Total new IND receipts grew from 1,564 (2015) to 1,960 (2025) — +25% over 10 years, a ~2.3% CAGR. The trend is not a steady climb: a COVID-era spike in 2020–2021 (+30% in 2020 alone) was followed by a pullback through 2023 (biotech funding slowdown), with 2024–2025 recovering to a new high that's only marginally above the 2020 peak.
| Year | Commercial | Research | Total | YoY |
|---|---|---|---|---|
| 2015 | 799 | 765 | 1,564 | — |
| 2016 | 777 | 892 | 1,669 | +6.7% |
| 2017 | 836 | 836 | 1,672 | +0.2% |
| 2018 | 852 | 742 | 1,594 | −4.7% |
| 2019 | 928 | 750 | 1,678 | +5.3% |
| 2020 | 1,253 | 929 | 2,182 | +30.0% |
| 2021 | 1,259 | 809 | 2,068 | −5.2% |
| 2022 | 1,124 | 741 | 1,865 | −9.8% |
| 2023 | 1,062 | 662 | 1,724 | −7.6% |
| 2024 | 1,139 | 716 | 1,855 | +7.6% |
| 2025 | 1,210 | 750 | 1,960 | +5.7% |
data/cder_ind_receipts_2015_2025.csv
Source: FDA CDER "IND Receipts" annual reports, one PDF per calendar year.
- FDA does not publish IND data at monthly granularity. These reports are annual totals only — there is no monthly time series in FDA's public data.
- FDA does not publish individual IND numbers. INDs are confidential sponsor filings; FDA does not "approve" them in the way NDAs/BLAs are approved (they take effect automatically after 30 days absent a clinical hold).

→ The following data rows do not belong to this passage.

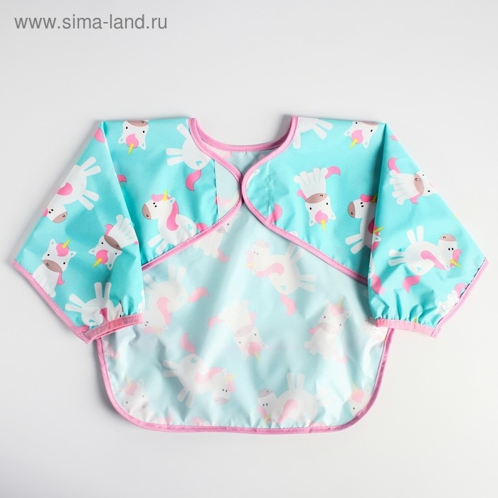 Нагрудник-рубашка для кормления «Единороги» непромокаемый на липучке, с карманом
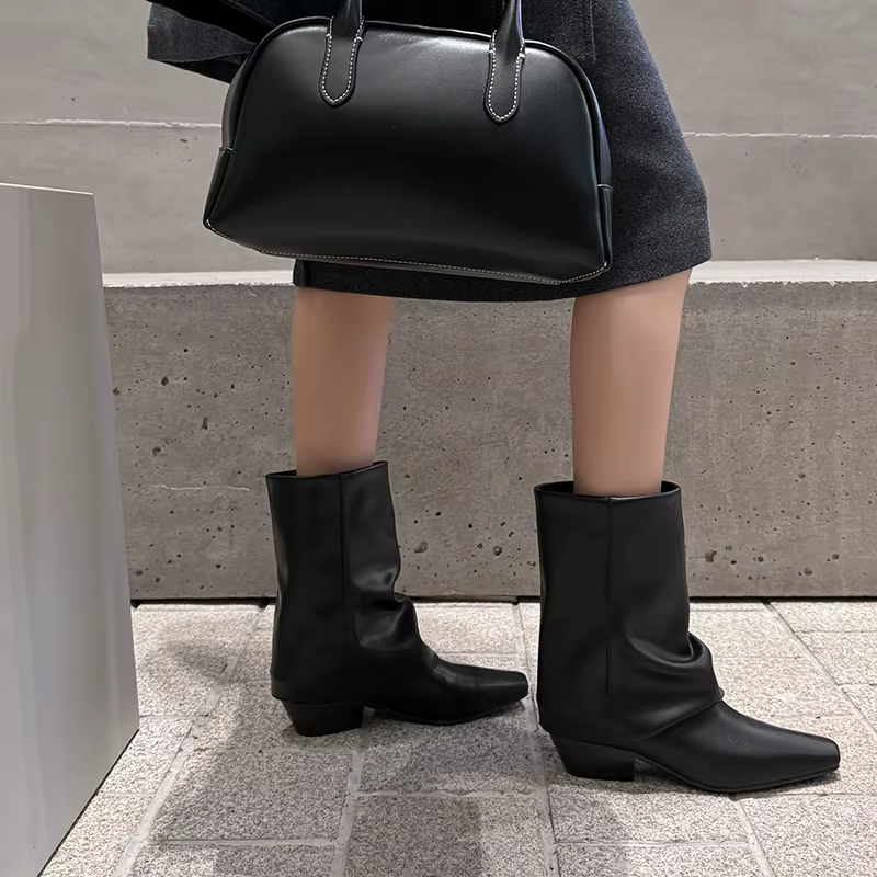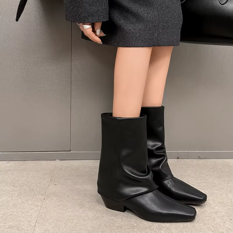 Elevate your winter fashion with the Footens Shoes Oriana Cowboy Square Toe Boots. Made of genuine cow leather. these mid-calf boots feature a slip-on closure. short plush insole. and spike heels for a comfortable and stylish fit. The rubber outsole provides durability. making these the perfect addition to your wardrobe this season.
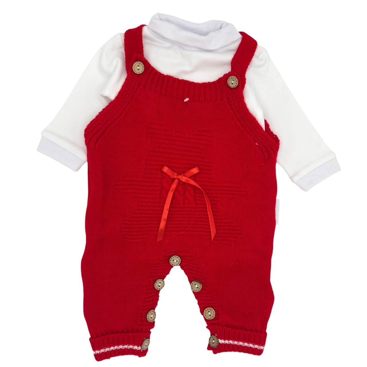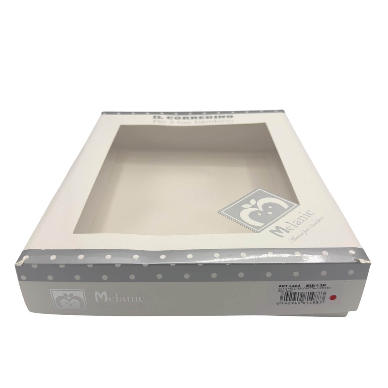 Completo neonato del marchio Melanie, disponibile nelle taglie 1-3 e 3-6 mesi. Realizzato in morbido tessuto acrilico, è composto da salopette lavorata a maglia con dettagli raffinati e bottoncini pratici, abbinata a un bodino a maniche lunghe in cotone. Confezionato in elegante scatola, è una scelta ideale per corredino o come idea regalo.
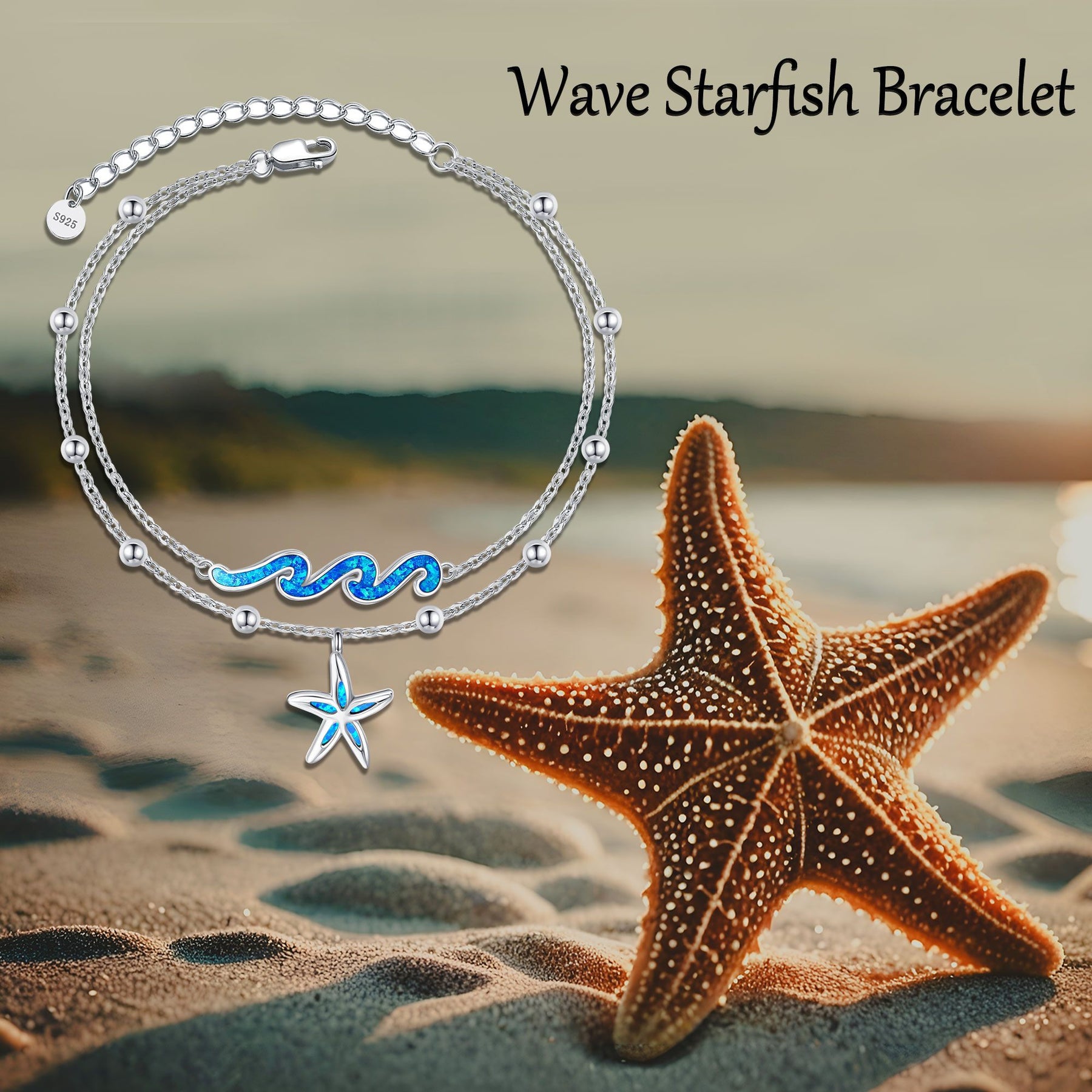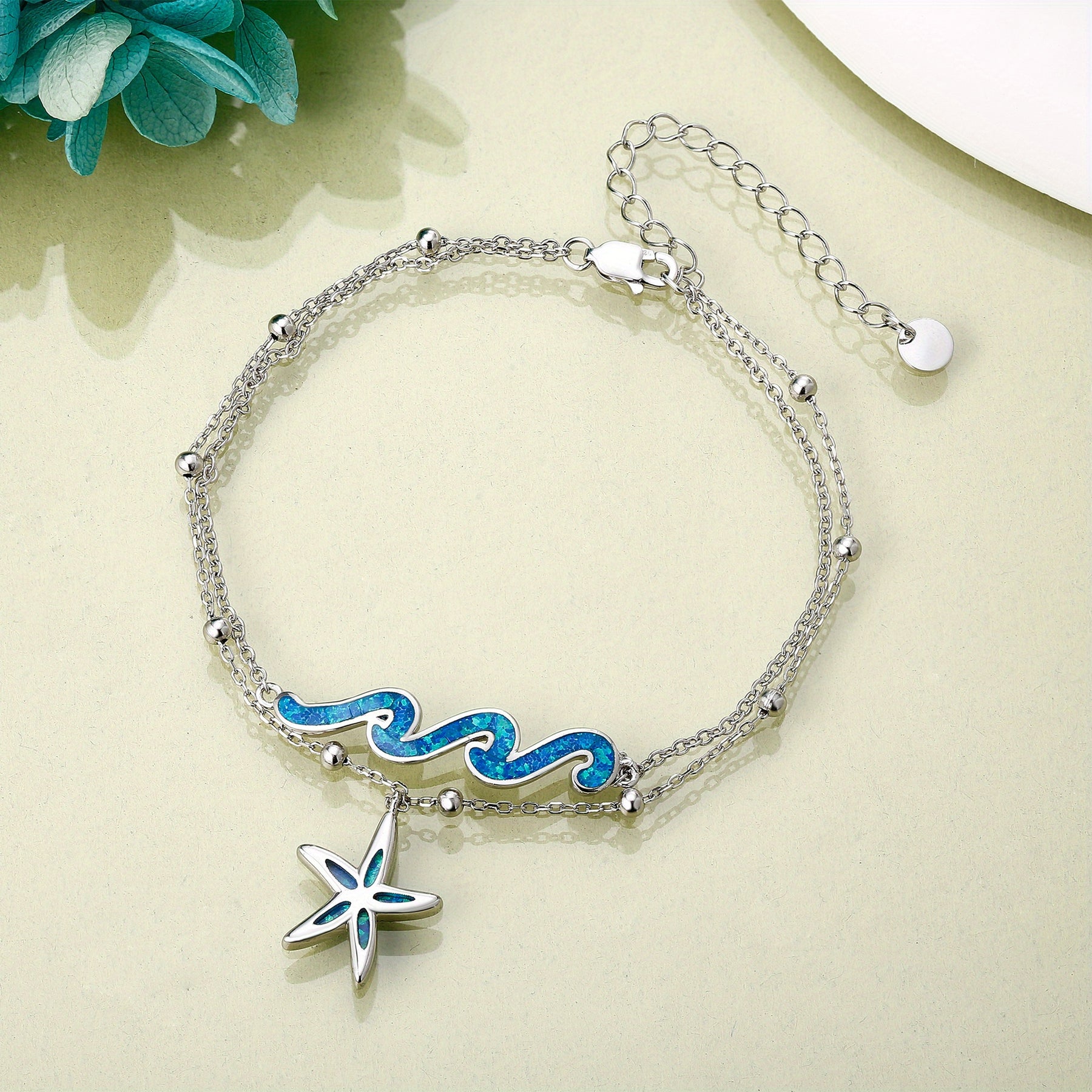 Opal Starfish Wave Layer Bracelet 925 Sterling Silver Women's Beach Jewelry
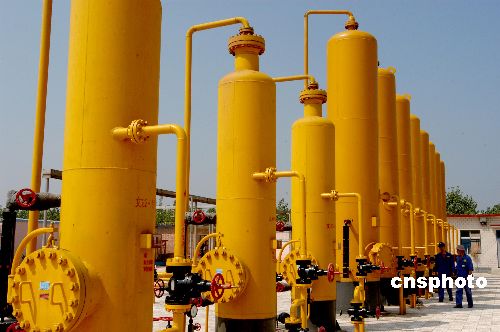 中国石化集团公司已经将天然气产业作为重点产业加以发展,先后在新疆、四川、内蒙古等地获得了重大发现,呈现出储量、产量、同步增长的良好势头。图为2005年国庆节期间中原油田天然气产销厂文留4号集气站职工对生产设备进行巡检。作者:胡庆明
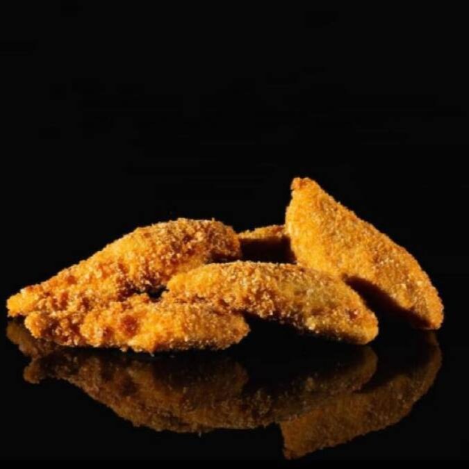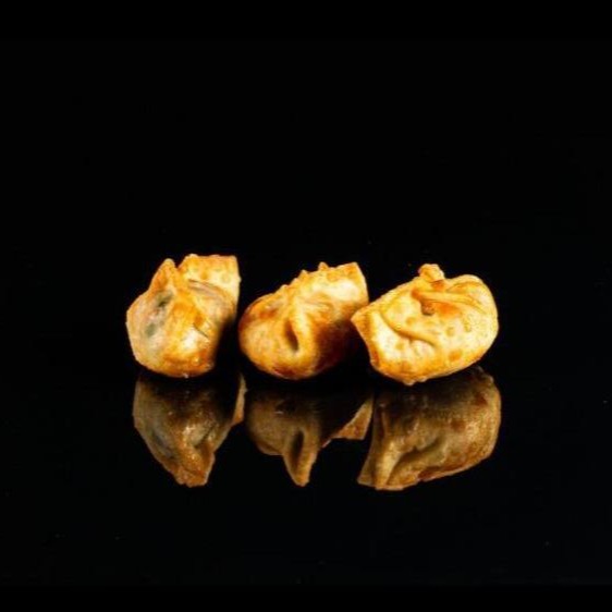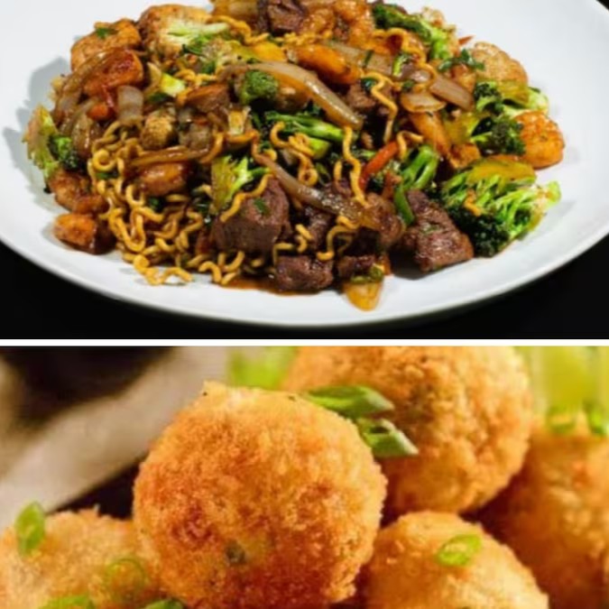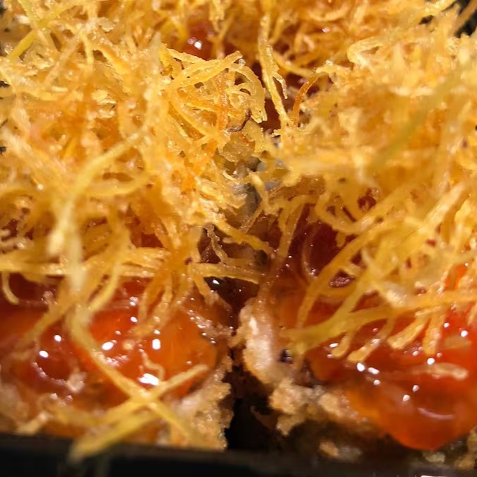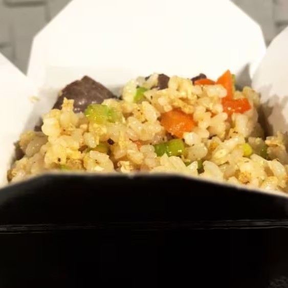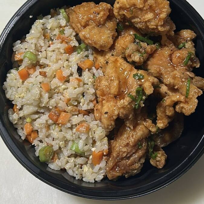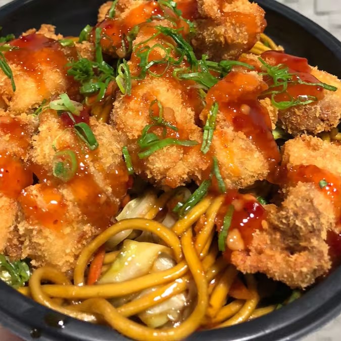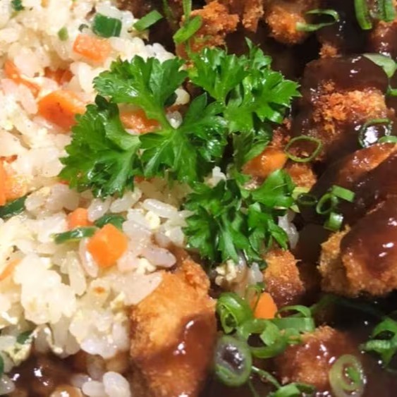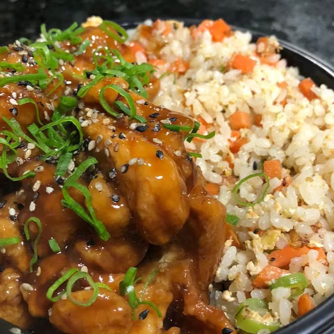 Yakimeshi coberto com pedaços de frango crocante, salpicado com cebolinha e irresistível molho oriental.
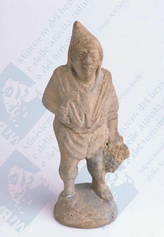 - NOTIZIE STORICO CRITICHE La statuetta fittile di vignaiolo proviene dal podere Panzarasa in località Marone, nel Comune di Gropello Cairoli. Fu rinvenuta nel 1978 in una tomba della necropoli di Gropello Cairoli, località che ha restituito molte testimonianze archeologiche. È databile nei primi decenni del I secolo d. C. Nei corredi funebri delle tombe di età romana della Lomellina, accanto ai manufatti d'uso corrente (piatti, bicchieri, coppe in ceramica, balsamari in vetro, ornamenti) si rinvengono spesso statuette fittili, simili a quella del vignaiolo. Il repertorio di statuine è molto vario, solitamente a figura intera, raro il busto, sono generalmente rappresentati personaggi di genere (uomo, donna, giovane, anziano, la coppia, la madre col figlio) intenti nelle occupazioni quotidiane (oltre al vignaiolo, la donna con l'olpe o col cesto) o figure divine o mitologiche (Venere, Minerva, Europa su toro, Eroti), ma anche animali, come la colomba sacra a Venere.\nQueste terrecotte figurate venivano realizzata a stampo, da matrice bivalve, con ritocchi a stecca. Le statuette sono peculiari della zona Lomellina, con limitata diffusione in Piemonte, nella zona del Verbano e nel Canton Ticino, in cui si riscontrano esemplari identici. Il ristretto ambito di diffusione fa presumere l'esistenza di centri di produzione locale, attivi tra l'età augustea e la metà del I sec. d.C.\nNon risulta sempre chiaro il significato di tali manufatti all'interno della tomba, sicuramente costituivano per il defunto un legame simbolico con il mondo terreno in riferimento alla vita quotidiana o ai culti praticat
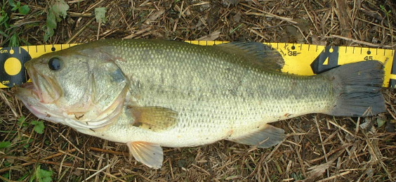 続けてホッグを投げると35Cm(写真右)が釣れました。フィーディングタイムなのか活性が高く、ホッグ丸飲みです。 ん〜ん、快調!!
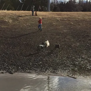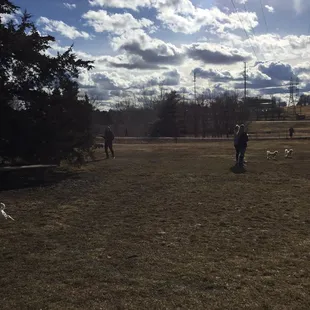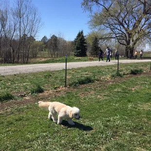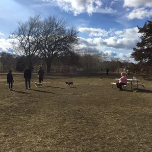 Beautiful dog run, kept very clean. Hills & trees & a stream for the big dogs, a tidy nicely mowed area and with a new circular sidewalk for the small dogs. Picnic tables & doggie bag stations.
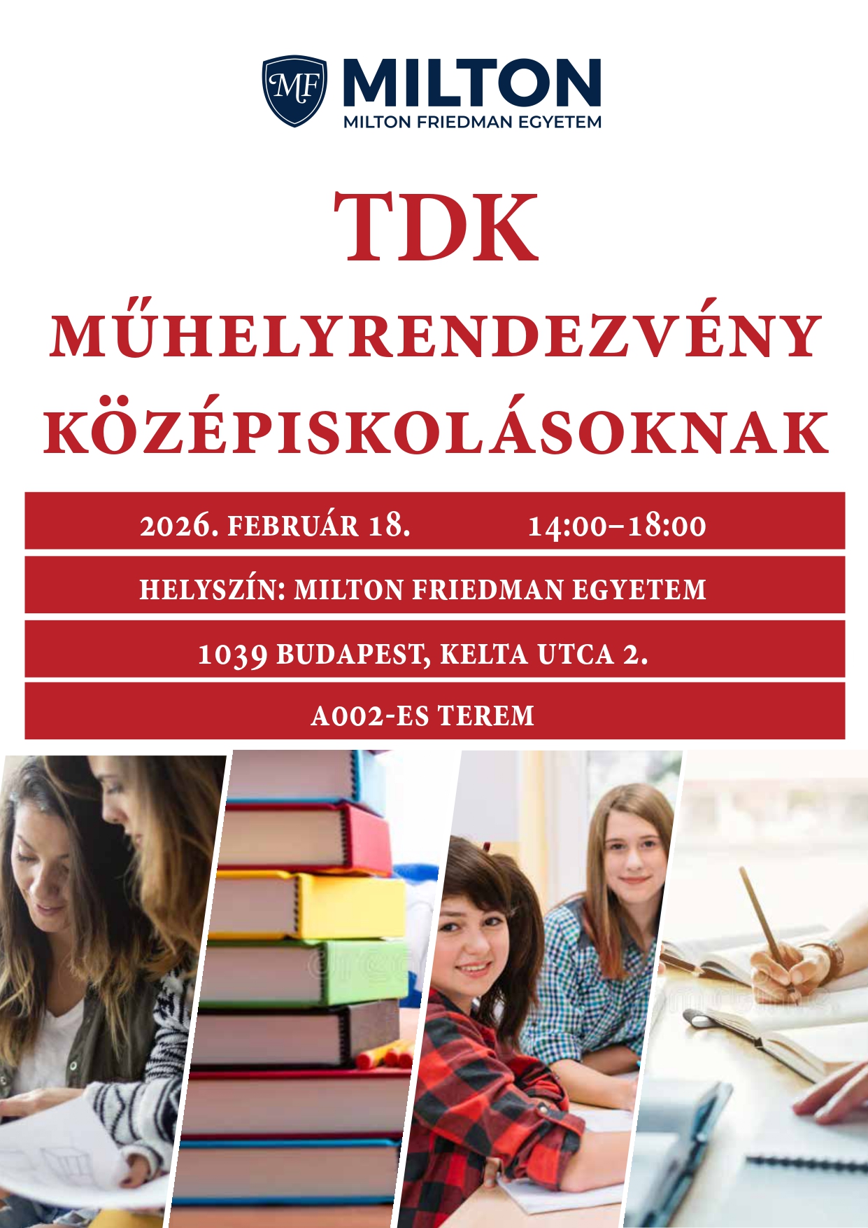 A Tudományos Diákköri (TDK) Műhelyünk a Milton Friedman Egyetem hallgatóinak tudományos csoportja, közössége. Az Intézmény TDK csoportjának célja, hogy a különböző területek, – legyen az társadalomtudományi vagy pedagógia, gazdasági -felé orientálódó hallgatóink, oktatóink és szakembereink segítségével tudományos tevékenységekben kipróbálhassák magukat, illetve kutatást, publikálást folytathassanak.
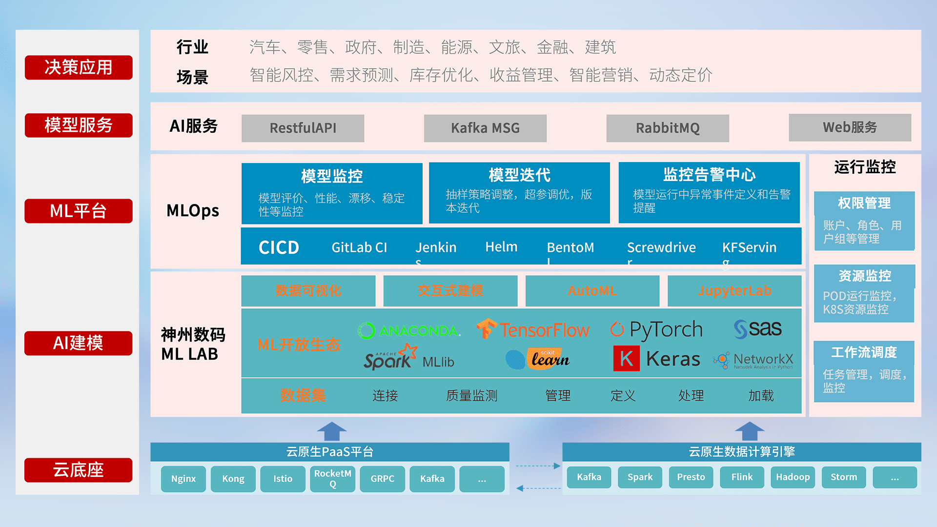 数据+模型双引擎驱动,,,,面向智能服务场景,,快速灵活利用AI技术,,,,支持业务决策,,,助力企业智能化转型破局。。
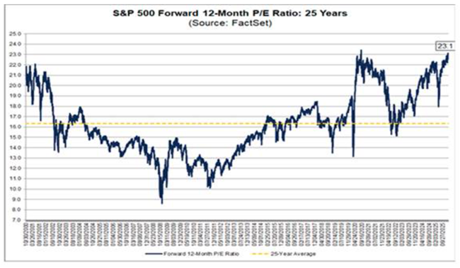 그러나 정말로 모든 것이 그렇게 좋은가? 이번 주식시장 호황으로 인해 주가 대비 기업이익 비율, 즉 주가수익비율(P/E ratio)은 사상 최고 수준으로 치솟았다. 이 비율은 현재 역사적 평균보다 약 40퍼센트 높으며, 2000년 ‘닷컴 버블’ 당시 수준을 넘어섰다. 당시 버블이 터졌을 때, P/E 비율은 40퍼센트 급락했다.
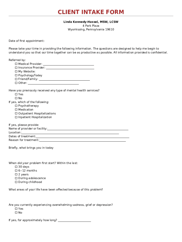 Get the free Client Intake Form

- Figures exclude biosimilar biologic INDs, expanded access INDs, and CBER-regulated biologics — those are tracked in separate FDA reports.
- "Receipts" = new INDs submitted that year. A broader FDA metric, "INDs with Activity" (new INDs + existing INDs with any incoming correspondence that year), was 15,124 for 2025 — not a comparable series since it captures a different population.